Having written recently about Christophe Rousset’s recording of Couperin’s L’apothéose de Lully with Stéphane Degout (Aparté, 12/16), I was surprised to encounter Degout again on Jonathan Cohen’s new release, and to discover that the recording predates Rousset’s. Both recordings are superb, if in different ways, and allow us to marvel at the adaptability of Couperin’s music.

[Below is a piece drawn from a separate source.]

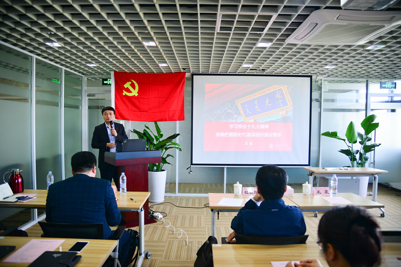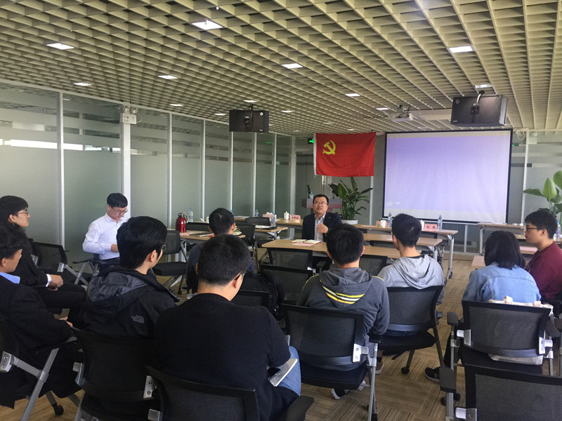王震以“学习领会十九大精神,准确把握新时代基层组织建设要求”为主题为师生上专题党课。他从自己成长与生活的切身体会,引出改革开放以来中国社会的伟大变革;以工业、制造业、创新科技、能源、交通等领域为例,阐述了过去五年来的历史性成就;从中国高铁讲到一带一路,从过去的“三步走”目标谈到新的“两步走”战略,教育全体党员要树立和坚持道路自信、理论自信、制度自信、文化自信。他还介绍了十九大报告中提到的社会主要矛盾的新变化,新时代的基本方略和工作要求,以及新时代党的建设总要求,希望员工党支部准确把握新时代基层组织建设的要求,员工党员胸怀天下,增加思考深度,不断提升自身素质和能力。

One of the particular delights of Cohen’s Arcangelo is the idiomatic continuoplaying of the lutenist Thomas Dunford. From the outset he assumes the dominant role in elaborating the bass, rather than Cohen at the harpsichord. That this was a deliberate artistic decision is borne out by the inner logic of the instrumentation in both works on this disc. Where Rousset varied the ensemble textures of the Apothéose with flutes, oboes and violins in the Lullian manner, Cohen has created a magical, delicate palette of chamber music colours with merely two violins and continuo. In the ‘Vol de Mercure’ and the ‘Enlèvement de Lulli au Parnasse’, the solo lute accompaniment adds to the sense of moving through air. Jonathan Manson’s solo viol accompaniments in the ‘Rumeur Souteraine’ and ‘Plaintes des Mêmes’ blend beautifully with the violins. The two Airs in which Lully and Corelli accompany one another transport the listener to Louis XIV’s private quarters at Versailles, where the Apothéose might well have been performed in the closing days of his reign (and published at a later date).

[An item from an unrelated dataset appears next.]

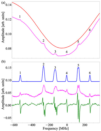 The output of the laser was scanned over a frequency range of ≈1 GHz from 739.0332 nm to 739.0349 nm to probe the R(78) (1–11) lines containing 15 components a1 to a15. Figure 3a shows the experimentally obtained Doppler-broadened signal in the absence of the pump beam and the SAS signal. For any comparison with the theoretically estimated signals, we used the program IodineSpec5 [42], which was developed by H. Knckel and E. Tiemann and based on iodine atlas [26,27,28,29,33,43,44,45,46,47,48]. The theoretically estimated Doppler-broadened signal at 450 °C has a full width at half maximum (FWHM) of ≈856 MHz and that obtained from our experiment is 903(3) MHz. Figure 3b depicts the hyperfine transitions as obtained from IodineSpec5 for the same wavelength range. For a better identification of the Doppler-free spectra and comparison with the theoretically estimated lines, the experimental Doppler-broadened signal was subtracted from the Doppler-free spectra, and the same is illustrated in Figure 3b. The analysis of the obtained spectra shows a total of six Doppler-free features of R(78) (1–11) line as labeled in the figure; their measured transition frequencies and FWHM are given in Table 1 and compared with those obtained from IodineSpec5. Additionally, all the observed peaks are in perfect alignment with their corresponding first derivatives in the lock signal. The experimental signals were obtained with 1 mW probe power and 10 mW pump power. As can be seen from the error signals in Figure 3b, the Doppler-free spectra 1, 4 and 6 are clearly distinct whereas spectra 2, 3 and 5 are results of not properly resolved four, four and three hyperfine peaks, respectively. The hyperfine lines for feature 3 are almost resolved, and three and two of them are resolved for peaks 2 and 5, respectively. The output of the diode laser can preferably be locked to any of the resolved peaks 1, 4 or 6 having an FWHM of 23(3) MHz, 21(2) MHz and 23(4) MHz, respectively, as compared to hundreds of MHz of a Doppler-broadened signal.

Although Couperin composed the Leçons de Ténèbres for the nuns of Longchamp, they could well have been privately performed at Versailles. Of a planned set of nine, only three made it into print. In this performance the distinction between the melismatic elaborations of the Hebrew letters and the declamatory Latin narrative is signalled by the lute: absent in the Hebrew, eloquent in the Latin. The soprano Katherine Watson gives a stylish, sensitive performance of the first that reflects her earlier work with William Christie; in the second there is evidence that the operatic soprano Anna Dennis is less wedded to the French Baroque repertoire. The two nevertheless give a glowing account of the third.